> EXTRACTED DATA:

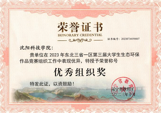 在2023年东北三省一区第三届大学生生态环保作品竞赛中,荣获二等奖3项、三等奖8项,并获“优秀组织奖”称号。
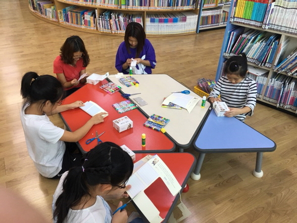 독서의 달을 맞이하여 책놀이 중인 충북 영동군 레인보우영동도서관
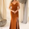 Moderno, elegante e cheio de atitude, este vestido longo é confecionado em crepe no tom terracota, uma aposta quente e ousada para eventos o seus próximo evento.
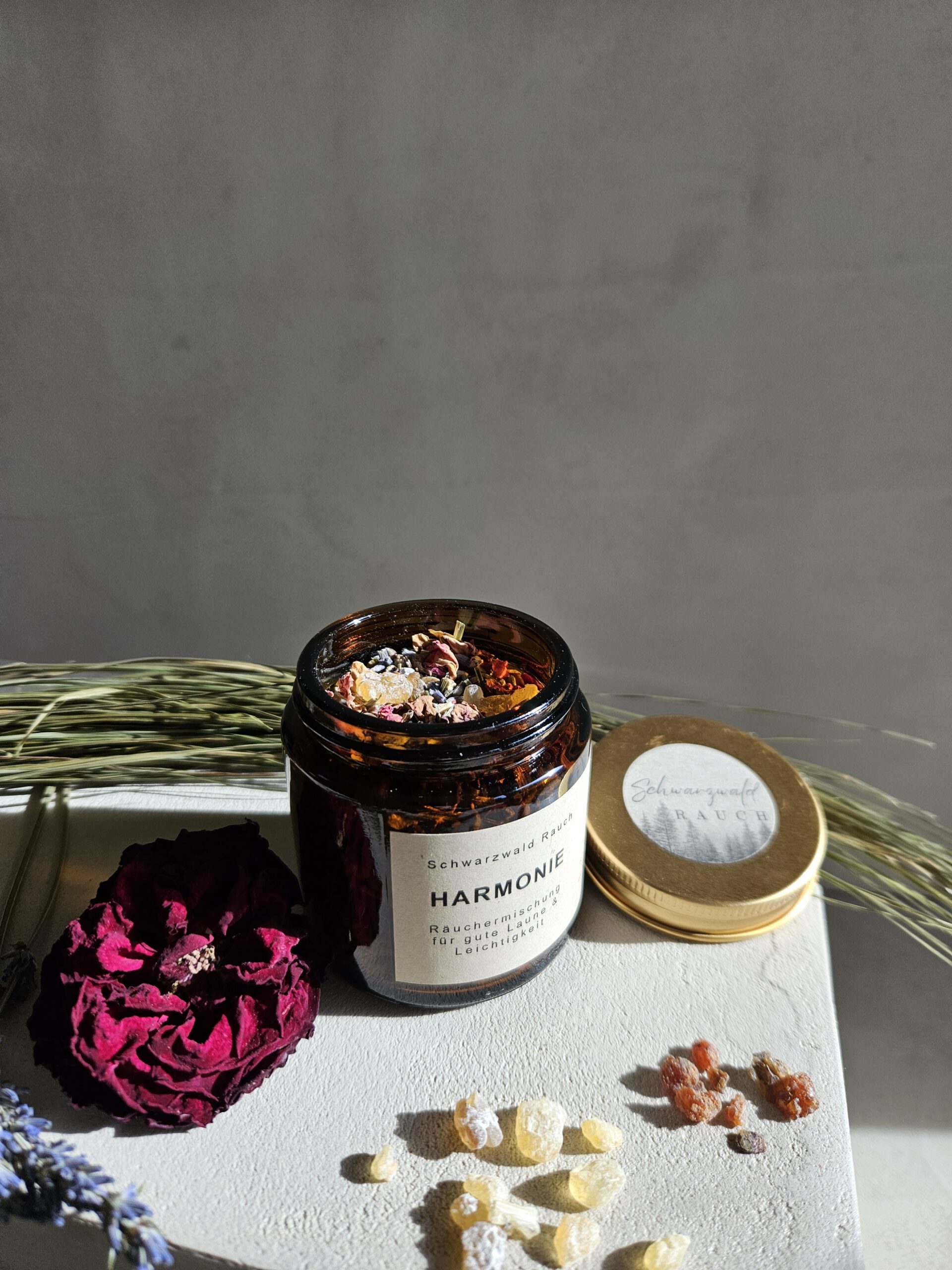 Räuchermischung Harmonie im 90ml Braun- Glas.
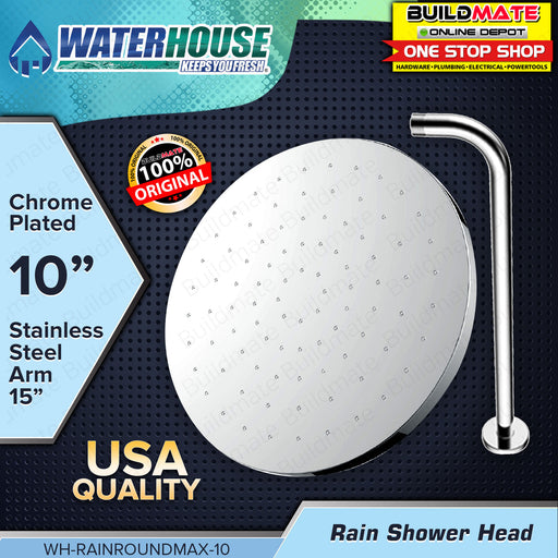 Buildmate Online DepotWATERHOUSE by POWERHOUSE Round Shower Head 10" with Arm Chrome •BUILDMATE• PHWH SPECIFICATIONS: ►10" ►Round Shower Head ►With Arm Chrome (15") ►Chr...
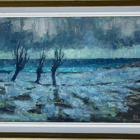 maleri med motiv af et vandhul. Maleriet er udført med tydelige penselstrøg og viser et naturlandskab med træer og vand. Signeret af kunstneren
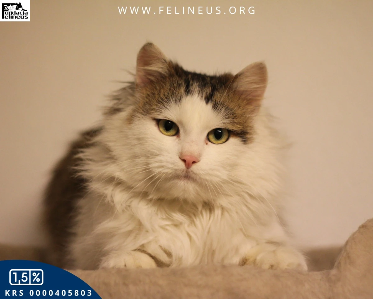 Maurycy - kocur urodzony w kwietniu 2023r. Ten wielki puchacz kocha człowieka i wspólne spędzanie czasu. Jest zawsze tam gdzie Ty, próbując pomóc w każdej czynności. Stosunek do innych kotów obojętny.
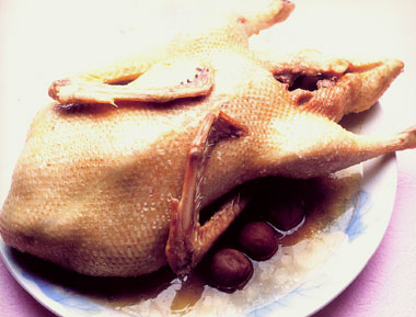 3.把另外4粒梅子和余下的调味料混和,然后加上2杯花雕酒,淋于鸭身之上。把鸭放入蒸笼蒸约1小时。
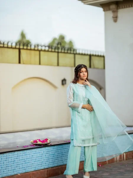 - 26 % Off ₨ 6,990.00Original price was: ₨ 6,990.00.₨ 5,190.00Current price is: ₨ 5,190.00.Drape yourself in elegance with this striking 3-piece navy blue ensemble, perfect for festive evenings. The organza shirt features shimmering sequin detailing that adds a touch of glamour, beautifully paired with a sparkle-embellished organza dupatta. The look is completed with a flowy silk umbrella-cut trouser that enhances movement and grace.…
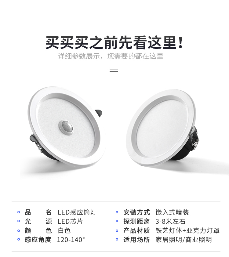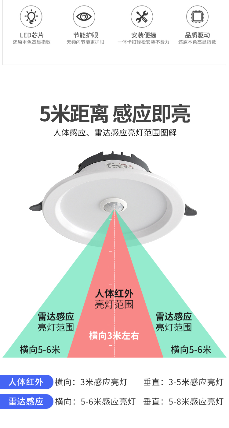 Human body induction model 5 watts white light opening 7 5-8 5cm human body induction model 9 watts white light opening 9-10cm human body induction model 12 watts white light opening 11-12cm human body induction
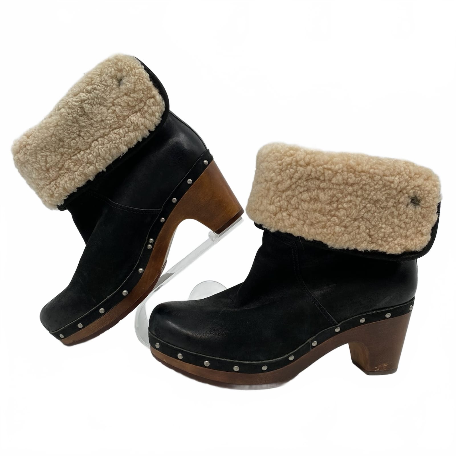 UGG Black Leather Shearling Fold Over Heeled Ankle Booties
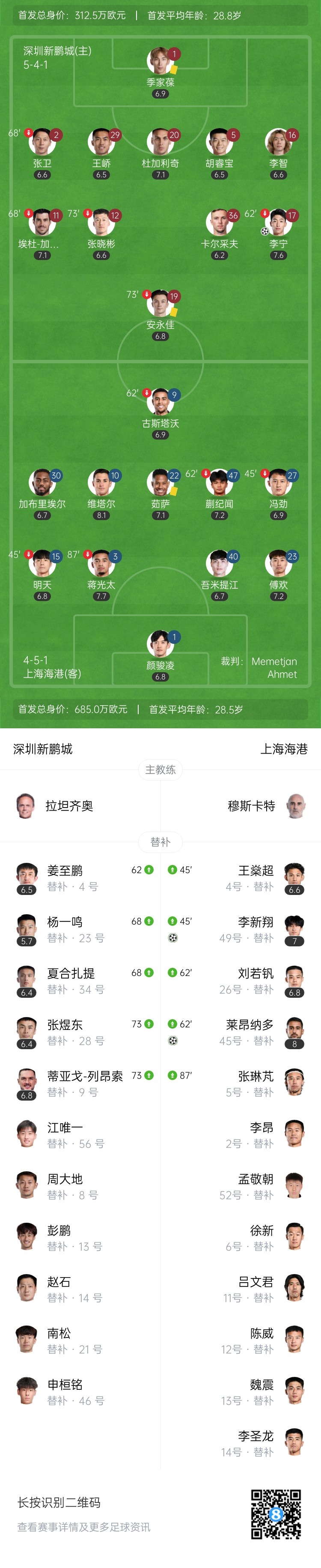 下半场伤停补时5分钟,全场比赛结束,最终上海海港2-1深圳新鹏城。
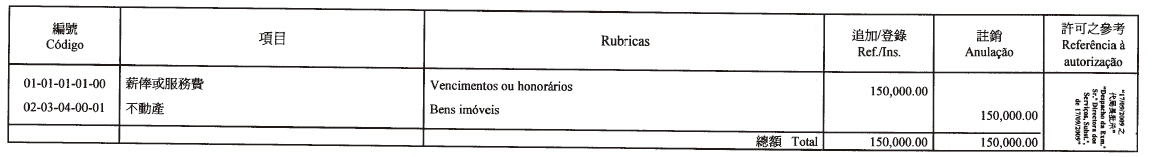 | 01 | 02 | 03 | 00 | 01 | 額外工作 | 800,000.00 | |
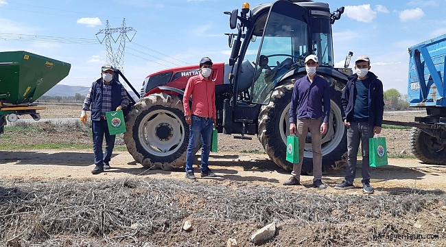 Kahramanmaraş’ın Elbistan ilçesinde Ziraat Odası tarafından korona virüse (Kovid-19) karşı çiftçilerden alınan tedbirlere uymalarını isteyerek maske, eldiven ve şapka dağıtıldı.
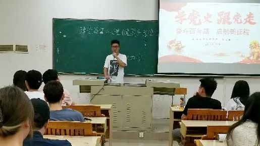 班会伊始,主讲人心理委员陈晓棉同学宣读了本次会议的主题并说明了会议流程。接着他讲述了中国共产党从建党之初到建党百年的奋斗史,在弘扬红色革命精神的同时他表示我们大学生在学习、生活方面遇到困难不应低头,应该学会用红色革命精神去激励自己直面挫折,才能更好地认识今天,开创更好的明天。
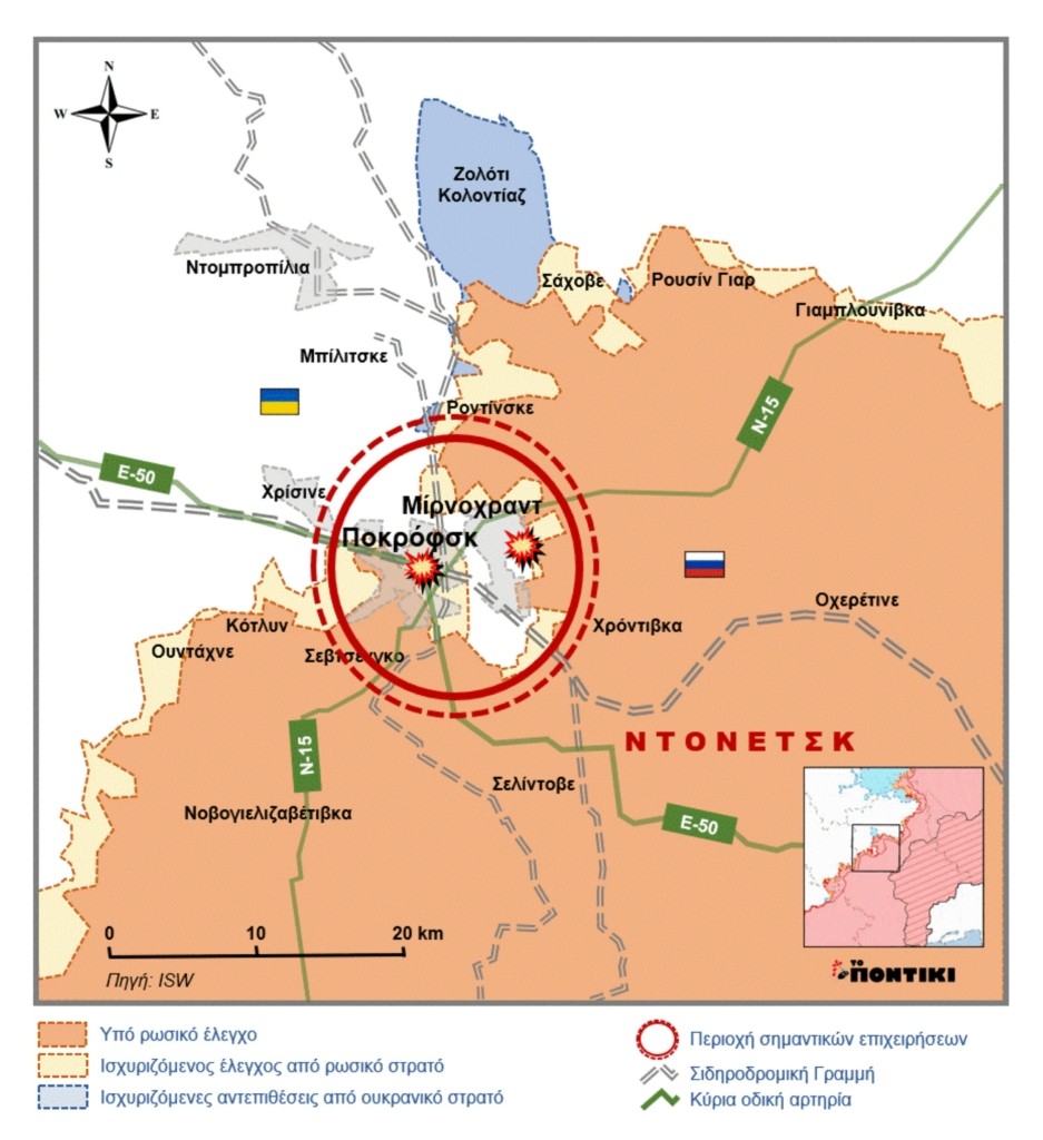 Η γενική εκτίμηση είναι ότι οι Ρώσοι θα καταφέρουν τελικά να καταλάβουν το Ποκρόφσκ και τη γειτονική Μίρνοχραντ, αλλά «με σημαντικό κόστος και καθυστέρηση».
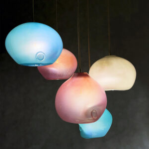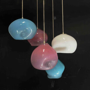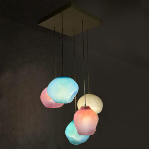 BALOON 5 to żyrandol stworzony dla osób, które nie lubią nudy i cenią sobie energię życia. Skomponowany z pięciu ręcznie wytwarzanych, pastelowych kloszy. Niesie w sobie uśmiech, którym chętnie się dzieli.
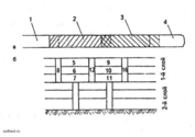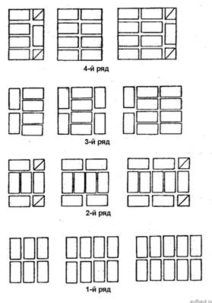 Стены при многорядной системе перевязки (рис.1.12.7) возводят следующим образом. Два первых ряда укладывают по цепной системе перевязки, учитывая при этом, что первый ряд должен быть тычковым, а второй - ложковым. Последующие третий, четвертый, пятый и шестой ряды выкладываются только ложками с перевязкой вертикальных поперечных швов в V, кирпича.
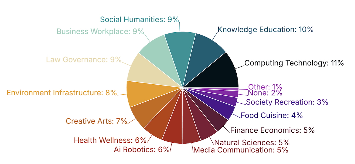 Les thématiques abordées sont elles aussi variées. Les conversations liées aux technologies (programmation, configuration matérielle, cybersécurité) représentent 11 % du corpus, suivies de près par l’éducation et l’apprentissage (10 %). Trois autres domaines se partagent 9 % chacun : les sciences humaines et sociales, le monde du travail et la sphère juridique et politique. La santé et le bien-être, les arts, l’économie ou l’alimentation apparaissent également dans les échanges, ce qui confirme que l’IA s’immisce dans de nombreux aspects de la vie quotidienne.

> EXERCISE DETAILS:
Starting at the line above that holds "Moderno, elegante e", return each line up to and including the one that holds "Buildmate Online DepotWATERHOUSE", exactly as written, minus any pictures.

> RESPONSE AREA:
 Moderno, elegante e cheio de atitude, este vestido longo é confecionado em crepe no tom terracota, uma aposta quente e ousada para eventos o seus próximo evento.
 Räuchermischung Harmonie im 90ml Braun- Glas.
 Buildmate Online DepotWATERHOUSE by POWERHOUSE Round Shower Head 10" with Arm Chrome •BUILDMATE• PHWH SPECIFICATIONS: ►10" ►Round Shower Head ►With Arm Chrome (15") ►Chr...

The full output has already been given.